Recurring patterns are a recurring pattern

We had an interesting recurring pattern/rhytm in the step class yesterday: STOMP-2-3 STOMP-2-STOMP-4-5. Much harder to explain than I anticipated…
Let’s break it down:
STOMP-2-3
Say you start with the right foot: STOMP means bringing down hard/transferring all your weight to that foot on top of the step (on the left side of the step, so you’re moving on the diagonal).
-2 means giving a step with your left foot on the ground (not on the step).
-3 means giving a step with your right foot on the ground, placing yourself just right for the next movement, which is:

STOMP-2-STOMP-4-5
STOMPing now with the left foot on the right side of the step twice, which means that you need to give one step in between on the ground with your right foot, and then 2 steps on the ground again to take you back to the single STOMP-part.

It’s much easier when you see it, hear it and experience it yourself, but I’m sure you get the “sense” of what I mean :-).

In any case. On my way home from step, I had this recurring Taiko rhythm in my head: 1-2-3-4 1-2-3-4 1-2-3-4 1-2-3-4.
Use both hands and alternate: hit the table/steering wheel/what ever for each number. The bold numbers mean you hit harder.

I realise you’re busy, so let me cut to the chase: The STOMP-2-STOMP part sounds the same as the 1-2-3-4 part.

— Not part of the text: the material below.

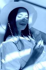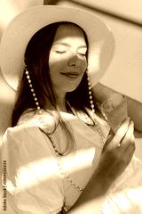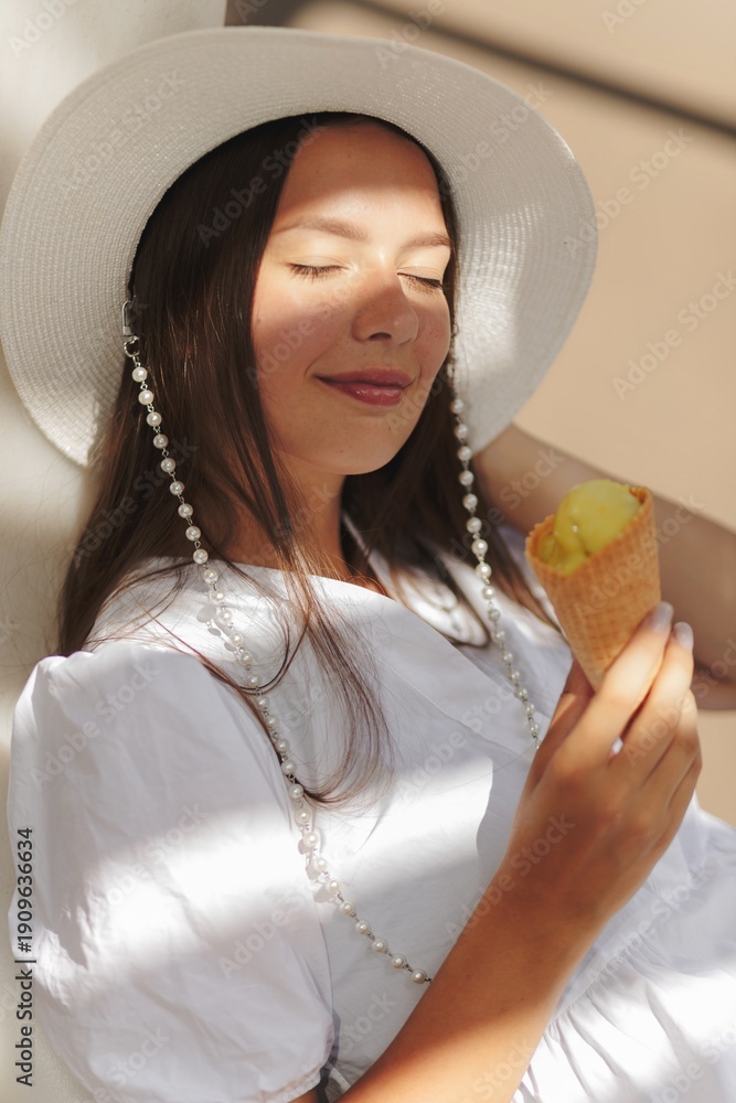 Young caucasian woman eating ice-cream during summer sunny day. Brunette wears white dress and hat

Noticing this similarity, made me aware of how big a role recurring patterns have in my life at the moment. Karate: consists of programming your body with recurring patterns of blocks and punches and kicks. Obesity: a manifestation of recurring patterns of eating in order to escape. Vocal training warming up exercises: recurring patterns of notes.

Incidently, the research proposal is progressing quite nicely… of course, corpus translation studies is the environment to investigate …. (you guessed it!) …. RECURRING PATTERNS!